Texas Supreme Court Justice Joe Greenhill Funeral Rich With Tales

February 18, 2011

The Who’s Who of the old Austin legal and political community jammed downtown St. David’s church Tuesday afternoon to say goodbye to revered retired Chief Justice of the Texas Supreme Court Joe Greenhill.  And along with the reverent moments to celebrate the life of a genuine comunity icon, attendees got a generous diet of humor from longtime friend Larry York and sons Joe, Jr. nd Bill Greenhill.

York told the story of the day newly elected Lt. Governor Bill Hobby was sworn into office at the State Capitol. When Justice Greenhill called upon Hobby to raise his right hand to take the oath, Hobby–a lefthander, intinctively raised his left hand. So Greenhill, never missing a beat, raised his own left hand and continued to administer the oath.  And the Chief Justice said no one ever questioned whether Hobby was legally Lt. Governor.

Another tale from York that regaled the audience was about the time Greenhill took his rather run-down 12-year-old green Dodge into an auto repair shop to fix some problem. When told the part needed was no longer available, Greenhill instructed  the repair man to “just rig up somthing” he thought would work.  Then, eyeing the SO-13 state license plate, the repair man asked him if  he was in government. Greenhill confessed he was a Justice, to which the man looked over the green Dodge once more and replied “well, you must be a really honest judge”.

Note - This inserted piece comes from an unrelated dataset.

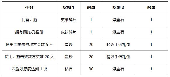 活动期间,西施英雄上线享限时折扣,西施皮肤集碎片免费获取,使用西施完成一系列任务,获取丰富回报。

On  more serious notes, friends heard how Greenhill always answered his own phone and showed his handwritten opinions to 60-year-long wife Martha to be sure they were easily understood by the layman. They also heard how that in a time before desegregation, he made sure that  visiting lawyer Thurgood Marshall had a place to stay while in Austin to argue the landmark Herman Sweatt-University of Texas case, even though as then- assistant Attorney General for  Texas, he was bound to oppose him in court.  The passing of Chief Justice Greenhill takes away one more giant of Texas history.